■ DATA SECTION:

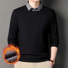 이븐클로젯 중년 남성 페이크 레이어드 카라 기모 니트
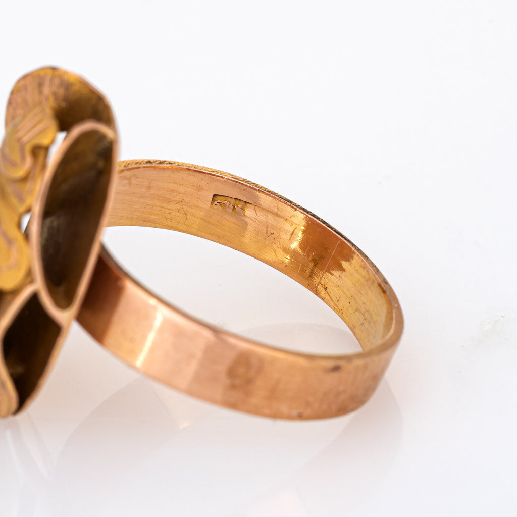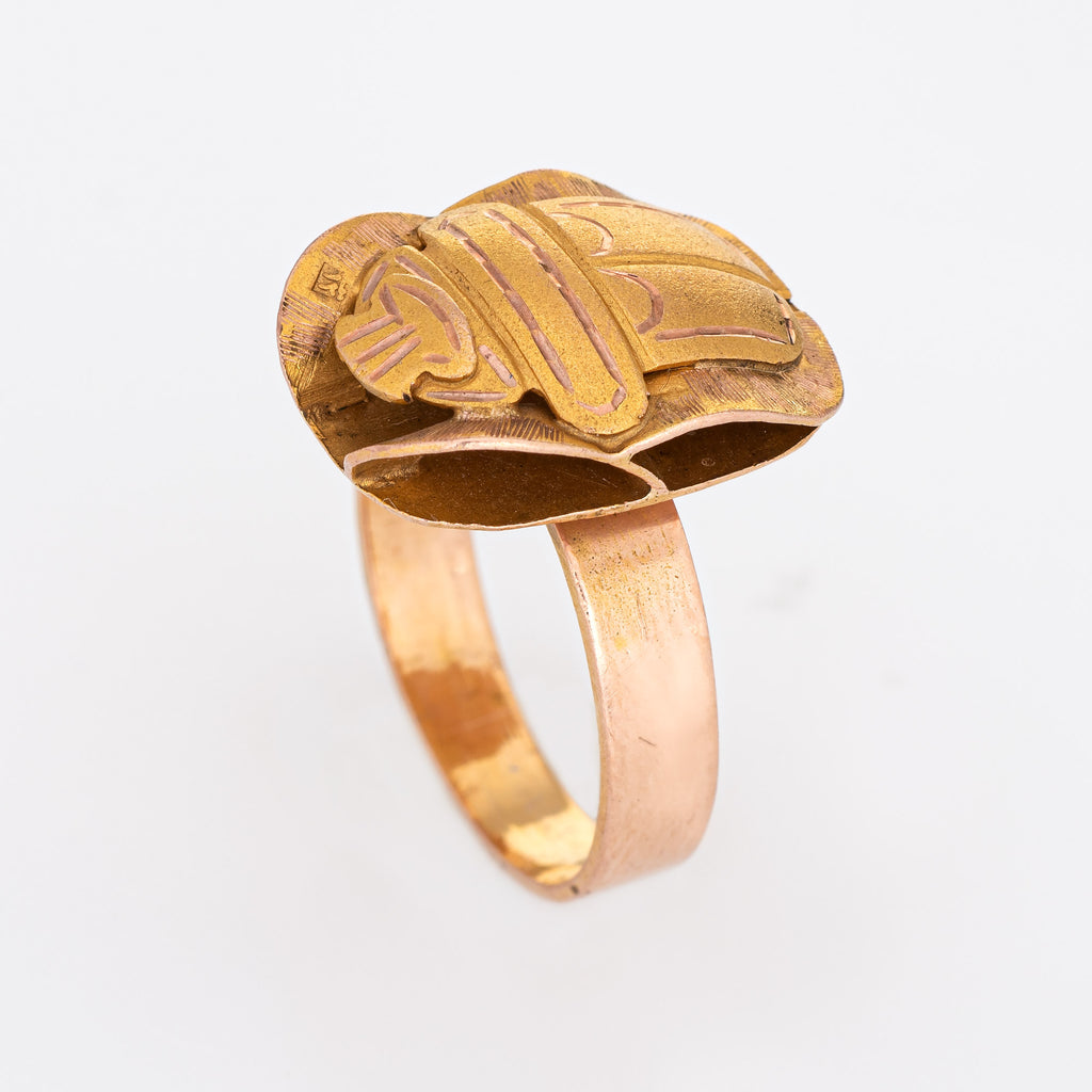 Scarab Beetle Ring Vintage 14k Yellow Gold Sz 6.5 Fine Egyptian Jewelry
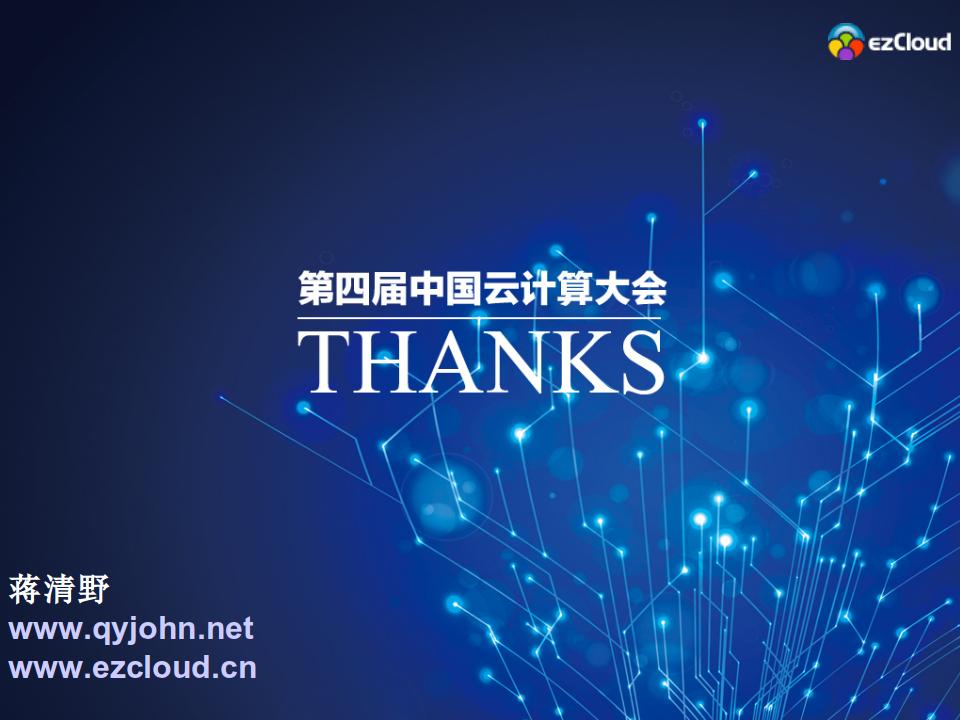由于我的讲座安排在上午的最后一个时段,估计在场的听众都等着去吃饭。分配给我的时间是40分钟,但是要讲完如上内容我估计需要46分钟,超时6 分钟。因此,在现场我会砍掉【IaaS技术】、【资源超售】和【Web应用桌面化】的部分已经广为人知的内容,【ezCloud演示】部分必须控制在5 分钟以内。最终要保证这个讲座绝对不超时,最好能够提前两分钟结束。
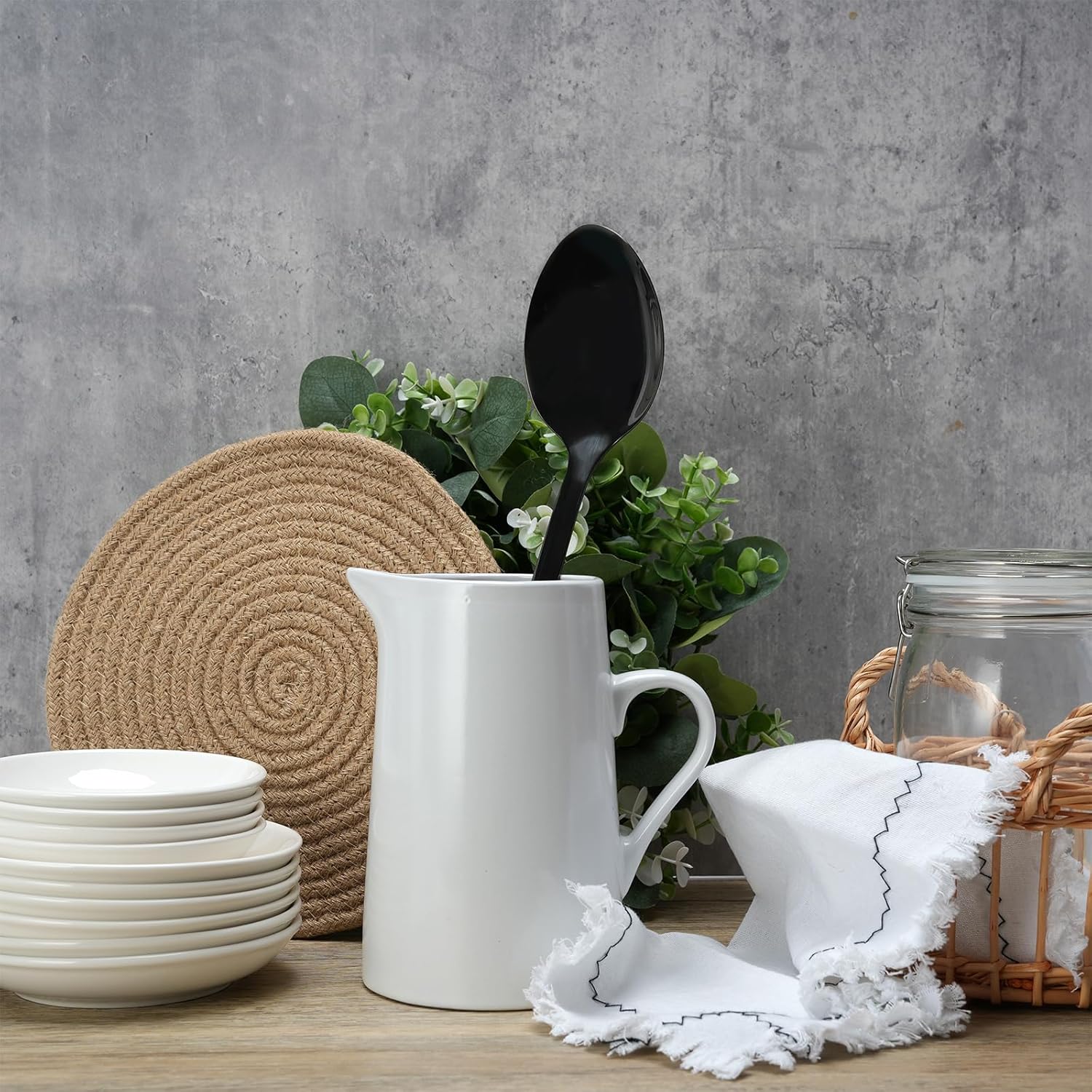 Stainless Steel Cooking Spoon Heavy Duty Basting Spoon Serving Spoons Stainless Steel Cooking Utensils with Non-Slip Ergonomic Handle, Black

■ WHAT IS EXPECTED: Write out the listing word for word, omitting the pictures it holds.

■ RESPONSE TO THIS TASK:
 이븐클로젯 중년 남성 페이크 레이어드 카라 기모 니트
 Scarab Beetle Ring Vintage 14k Yellow Gold Sz 6.5 Fine Egyptian Jewelry
由于我的讲座安排在上午的最后一个时段,估计在场的听众都等着去吃饭。分配给我的时间是40分钟,但是要讲完如上内容我估计需要46分钟,超时6 分钟。因此,在现场我会砍掉【IaaS技术】、【资源超售】和【Web应用桌面化】的部分已经广为人知的内容,【ezCloud演示】部分必须控制在5 分钟以内。最终要保证这个讲座绝对不超时,最好能够提前两分钟结束。
 Stainless Steel Cooking Spoon Heavy Duty Basting Spoon Serving Spoons Stainless Steel Cooking Utensils with Non-Slip Ergonomic Handle, Black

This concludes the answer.